At the data cutoff of April 30, 2024, 252 disease-free survival events were recorded. The median follow-up was 30.3 months. The 3-year disease-free survival rate was 63.1% in the Opdivo arm and 52.5% for patients in the standard of care arm, which was cisplatin plus radiotherapy.

Of note, the 12-month disease-free survival rate was 71.7% versus 64.7%, and the 24-month rates were 64.9% versus 56.2% in the Opdivo and standard of care arms, respectively.

The cumulative incidence of loco-regional relapse at 1 year was 11% versus 16%, at 2 years it was 12% versus 19%, and at 3 years it was 13% versus 20% between the Opdivo and standard of care arms, respectively.

“Post-operative Opdivo added to standard of care cisplatin-[radiotherapy] improved patient outcomes for resected high-risk locally advanced squamous cell carcinoma of the head and neck, that could be proposed as a new standard treatment,” Dr. Jean Bourhis, professor and chief of radiation oncology at the Lausanne University Hospital in Lausanne, Switzerland; medical director of GORTEC; and principal investigator of the study, said during the presentation.

The trial enrolled 680 patients and randomly assigned them to either the Opdivo group (332 patients) or the standard of care group (334 patients). Patients were given one dose of Opdivo at 240 milligrams (mg), followed by 360 mg of Opdivo every three weeks for three doses plus 100 mg/m2 of cisplatin every three weeks and immune-modulated radiotherapy at 66 Gy, followed by 480 mg of Opdivo every four weeks for six doses. The standard of care arm was given 100 mg/m2 of cisplatin every three weeks and immune-modulated radiotherapy at 66 Gy.

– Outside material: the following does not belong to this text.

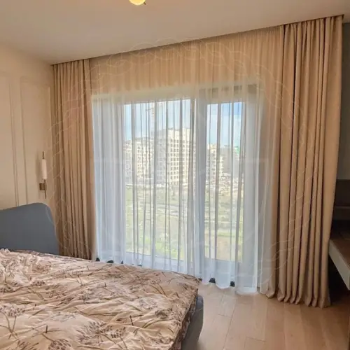 Песочные портьеры с небольшим напуском и белый тюль собрали на равномерную складку. За счет этого драпировка выглядит стильной и аккуратной, и атмосфера в комнате кажется более уютной и располагающей к отдыху.

Patients were included in the trial if they were younger than 75, had an ECOG performance status of 0 or 1, and had SCC of the oral cavity, oropharynx, or hypopharynx with: complete macroscopic surgical resection, stage 3 or 4, or high-risk pathological features of relapse.

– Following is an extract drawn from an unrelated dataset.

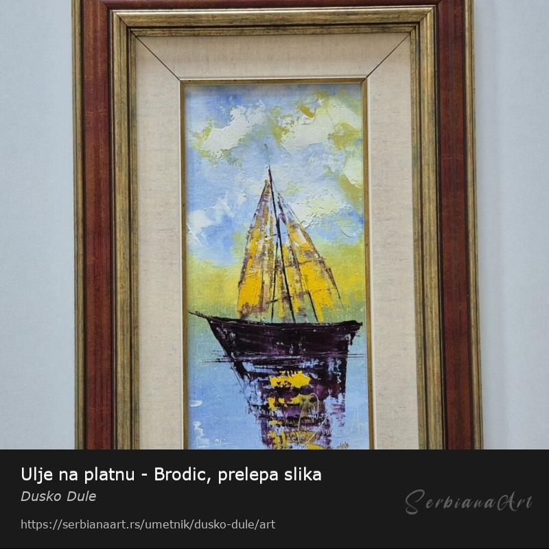 Ulje na platnu Brodic, prelepo umetnicko delo. Slika je uramljena u jako lep ram, dimenzije slike sa ramom 54 x 37. Privatna kolekcija.

The median patient age was 59 in both arms, 75% and 77% of patients were male, 51% and 50% had an ECOG performance score of 0, 54% and 48% were current smokers, and 58% versus 58% had the main tumor site in the oral cavity between the Opdivo and standard of care arms, respectively.

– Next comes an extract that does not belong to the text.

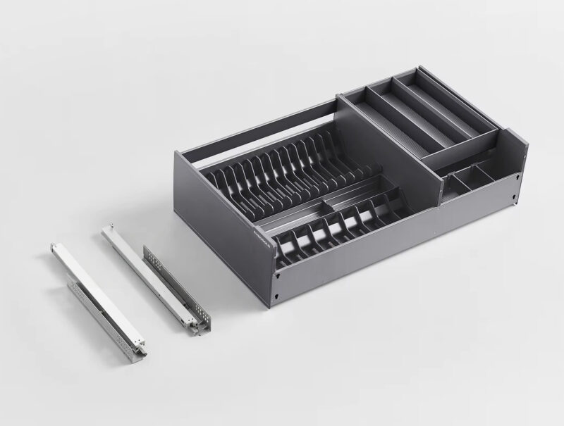 Giá bát đĩa EMG7560 được trang bị hệ ray trượt giảm chấn HURMAR tiêu chuẩn Đức, giúp thao tác kéo ra – đẩy vào nhẹ nhàng, không gây tiếng ồn, đồng thời chịu tải tốt và vận hành ổn định trong thời gian dài.

Investigators also looked at whether Opdivo compromised the compliance with standard of care cisplatin. Overall, 301 patients in the Opdivo arm and 304 in the standard of care arm received cisplatin, with 82% of the Opdivo arm getting the cumulative dose of 200 mg/m2 or more compared with 87% in the standard of care arm, and 62% versus 68% received cisplatin for three cycles. Receipt of radiotherapy was also analyzed with 303 patients in the Opdivo arm and 306 in the standard of care arm, with 95% of patients receiving radiotherapy for 55 days or less compared with 97%, and 91% versus 95% were given a dose of 66 Gy.

Of note, 310 patients were given Opdivo before or during radiotherapy, with 75% receiving it for 4 cycles. Additionally, 260 patients were started on Opdivo maintenance with a median number of 6 maintenance cycles. The median number of total Opdivo cycles was 10.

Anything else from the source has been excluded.